> TRY IT:
Before you write out the listing, remove the pictures; everything else stays exactly as it is.

> DATASET EXCERPT:
┏━━

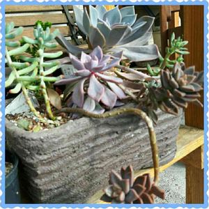 お休みの日のホームセンター通い🚘 いつもは行かない所を探検してます。 今日はなさそうだな~と思ったら意外にも不思議な多肉さんに出会えました。 なんとか錦? カメレオンみたいな柄! 七福神かな~? 多肉🔰が必死に思い付く名前を考えながら…(≧∇≦*) ❤マークのお二人さんをお持ち帰りしました(//∇//) 左側の子はお子様付💕モリモリにしたいな~! 右側は3種類の寄せ植え💕 ホームセンターさんへお願い! お名前つけてあげて下さい! ついてるのもありますが、ない方が多いですね…。 お持ち帰りした子も…誰でしょうか(~。~;)?
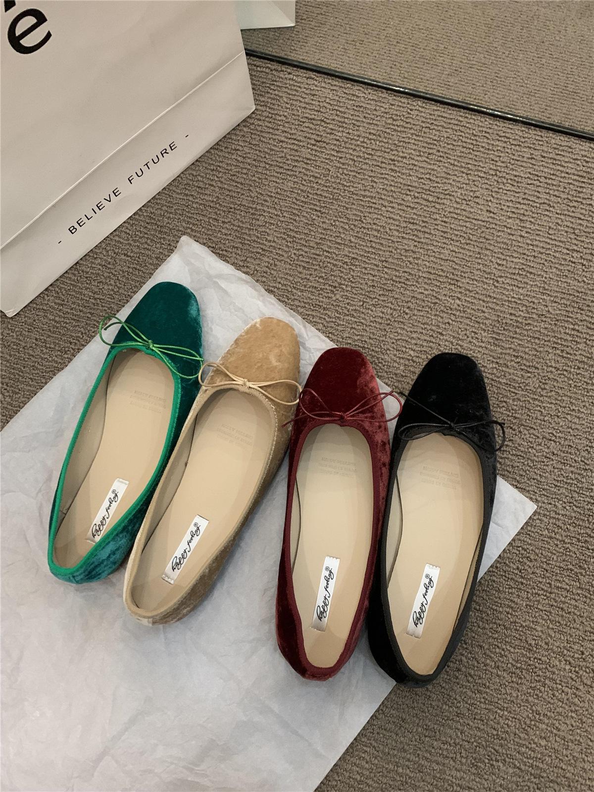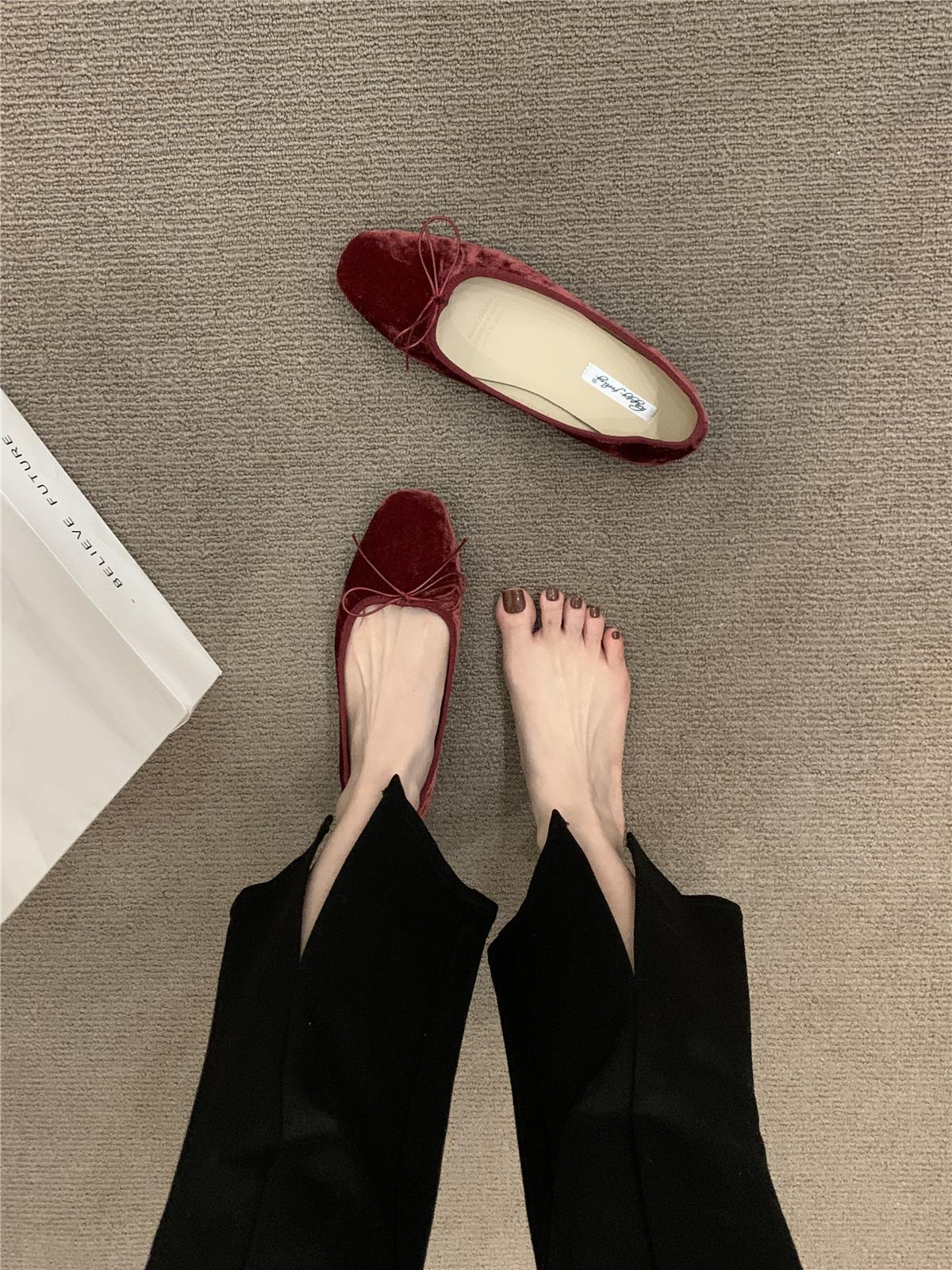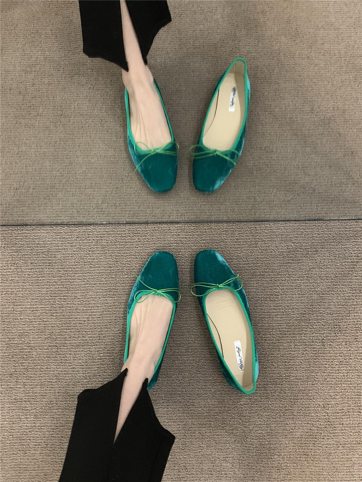 Sapatos de laço plano francês feminino 2024 Nova primavera Vintage Milk Shoes Ballet Shoes Slip-on Pedal Shoes
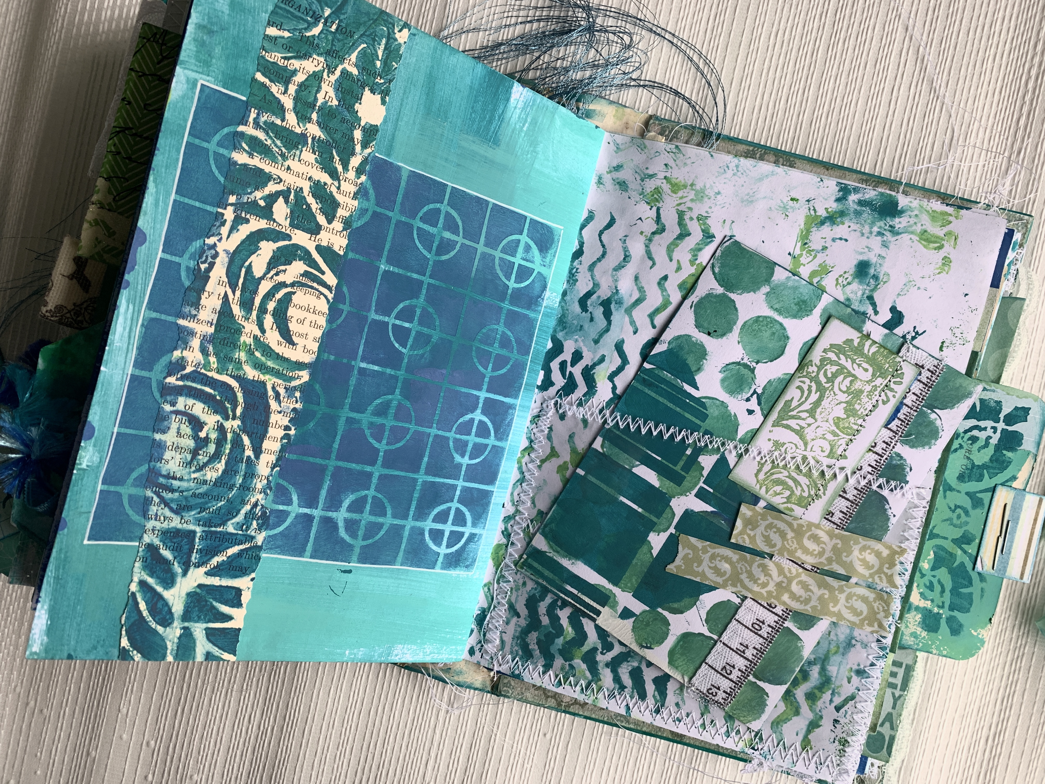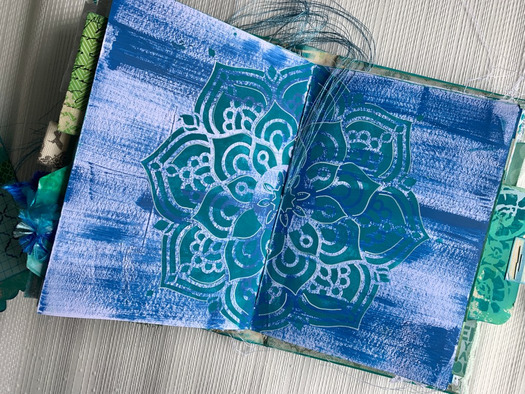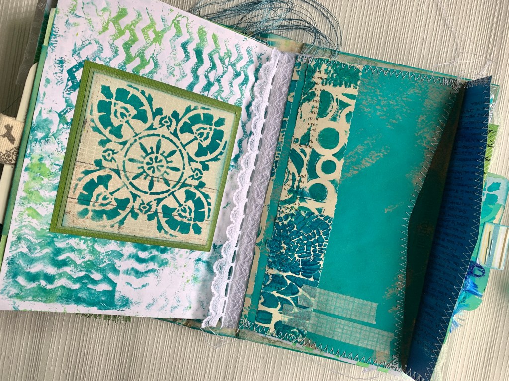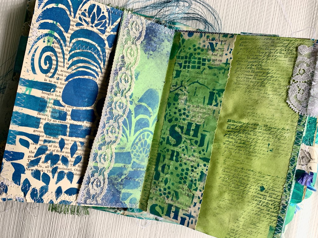 Front and Back covers are an existing vintage book with internal pages removed and cover decorated with acrylic paint and stencils.

┗━━

> FINISHED TASK:
 お休みの日のホームセンター通い🚘 いつもは行かない所を探検してます。 今日はなさそうだな~と思ったら意外にも不思議な多肉さんに出会えました。 なんとか錦? カメレオンみたいな柄! 七福神かな~? 多肉🔰が必死に思い付く名前を考えながら…(≧∇≦*) ❤マークのお二人さんをお持ち帰りしました(//∇//) 左側の子はお子様付💕モリモリにしたいな~! 右側は3種類の寄せ植え💕 ホームセンターさんへお願い! お名前つけてあげて下さい! ついてるのもありますが、ない方が多いですね…。 お持ち帰りした子も…誰でしょうか(~。~;)?
 Sapatos de laço plano francês feminino 2024 Nova primavera Vintage Milk Shoes Ballet Shoes Slip-on Pedal Shoes
 Front and Back covers are an existing vintage book with internal pages removed and cover decorated with acrylic paint and stencils.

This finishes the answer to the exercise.